(Dataset items)
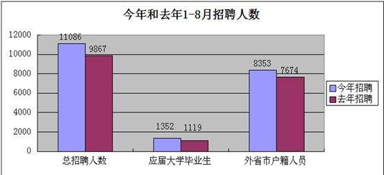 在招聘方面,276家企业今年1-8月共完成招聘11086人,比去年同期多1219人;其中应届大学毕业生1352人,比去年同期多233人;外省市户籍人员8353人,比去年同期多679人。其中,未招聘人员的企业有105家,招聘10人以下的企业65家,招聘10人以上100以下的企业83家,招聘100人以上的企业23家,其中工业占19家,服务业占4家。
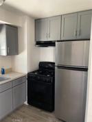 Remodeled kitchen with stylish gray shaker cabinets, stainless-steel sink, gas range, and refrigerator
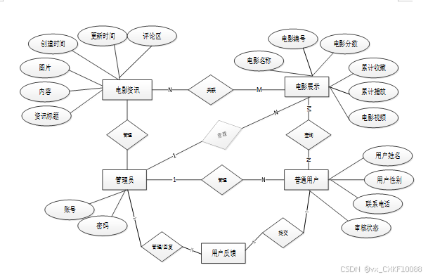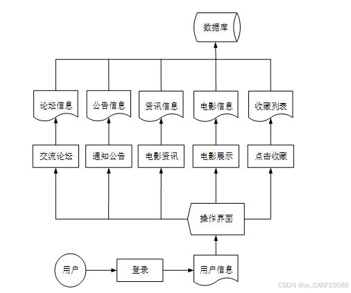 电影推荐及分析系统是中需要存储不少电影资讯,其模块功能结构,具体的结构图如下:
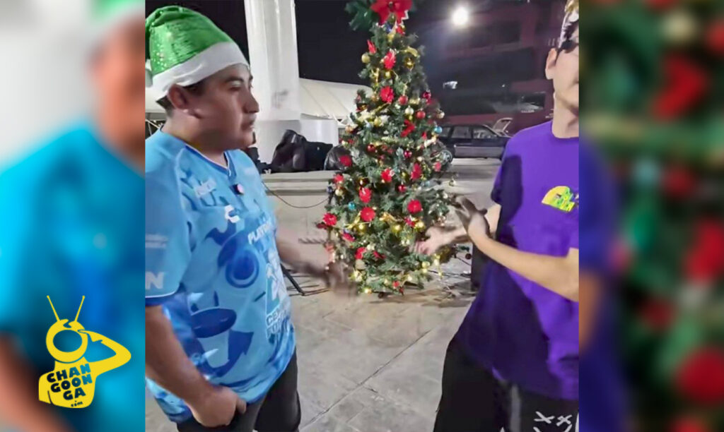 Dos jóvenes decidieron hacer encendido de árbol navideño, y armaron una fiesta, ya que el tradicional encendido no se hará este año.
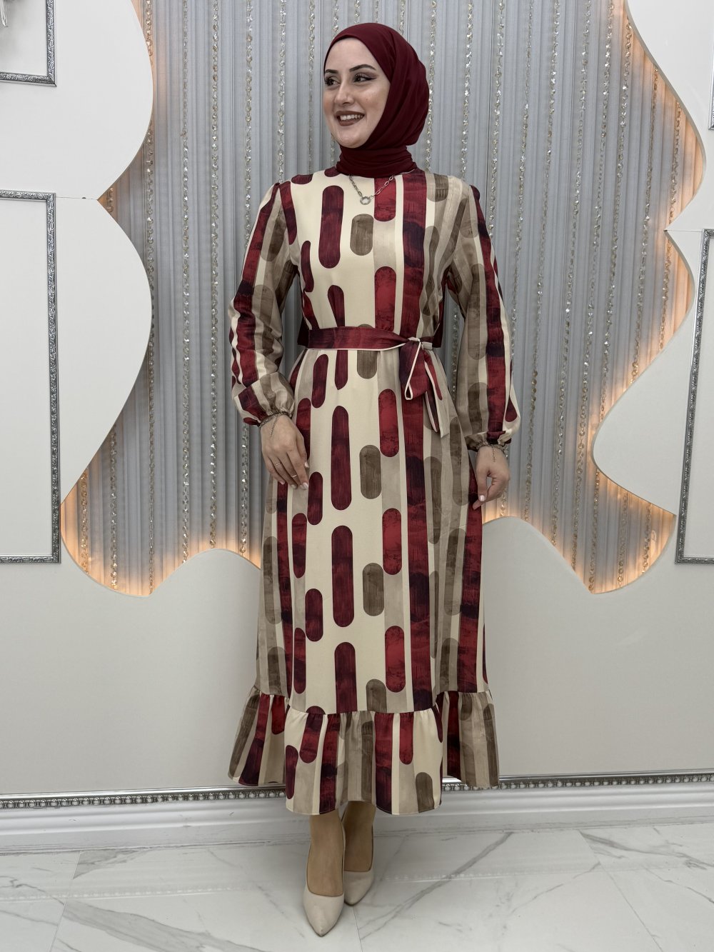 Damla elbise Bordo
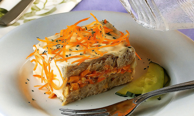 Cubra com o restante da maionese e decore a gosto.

| Instructions for the task |
Output every record above exactly, leaving out the pictures.

| Written answer |
 在招聘方面,276家企业今年1-8月共完成招聘11086人,比去年同期多1219人;其中应届大学毕业生1352人,比去年同期多233人;外省市户籍人员8353人,比去年同期多679人。其中,未招聘人员的企业有105家,招聘10人以下的企业65家,招聘10人以上100以下的企业83家,招聘100人以上的企业23家,其中工业占19家,服务业占4家。
 Remodeled kitchen with stylish gray shaker cabinets, stainless-steel sink, gas range, and refrigerator
 电影推荐及分析系统是中需要存储不少电影资讯,其模块功能结构,具体的结构图如下:
 Dos jóvenes decidieron hacer encendido de árbol navideño, y armaron una fiesta, ya que el tradicional encendido no se hará este año.
 Damla elbise Bordo
 Cubra com o restante da maionese e decore a gosto.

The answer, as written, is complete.